2022, Vol. 33 
b Key Laboratory of Coal to Ethylene Glycol and Its Related Technology, Center for Excellence in Molecular Synthesis, Fujian Institute of Research on the Structure of Matter, Chinese Academy of Sciences, Fuzhou 350002, China
In the past decades, dearomatization reactions have been extensively studied, leading to the efficient generation of three-dimensional molecules such as spirocycles [1], which are potentially useful for drug discovery, natural product synthesis, and privileged ligand production [2]. Therefore, several strategies have been developed for dearomatizing electron-rich aromatics including phenols, naphthols, and indoles [1, 3]. By comparison, non-activated arenes such as benzene- and naphthalene-containing derivatives generally suffer from limited applicability in dearomatization methodologies due to high resonance stabilization energy of these arenes [1c, 4-6]. Recently, a number of advances in visible-light-induced dearomatization reactions were disclosed [7, 8], including several significant dearomatization protocols of non-activated arenes [9-19]. Notably, König [9] and Miyake [10] groups reported challenging Birch-type reduction of arenes promoted by visible light independently.
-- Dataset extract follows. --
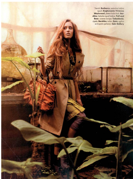
Trench: Burberry; pamučna haljina: Westwood; plišani kožni kosi: Bershka; haljina: spod haljine: Pull and Bear; vunene čarape: Calzedonia; cipele: Bershka; torba: Zara; ogledalo sa krpom: parfumi: Cain Gallery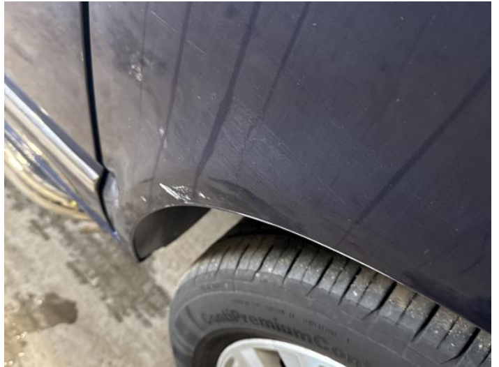
10: Qtr Panel nsr Scratched Over 25mm Thru Paint

Several dearomative hydroalkylation reactions were also achieved by the group of Zhang, Mei and You [11], as well as the groups of Stephenson [12] and Murakami [13]. Importantly, the only reductive hydroarylation of predominantly benzene derivatives via visible-light-induced dearomative spirocyclization was achieved by the Jui's group through a radical-polar crossover process (Scheme 1a) [14]. Despite these significant progresses, dearomatization of non-activated arenes to produce novel sophisticated polycyclic architectures or to avoid the use of toxic reagents (SmI2/hexamethylphosphoramide) in similar traditional transformations [20] via visible-light-induced reductive process deserves further investigation.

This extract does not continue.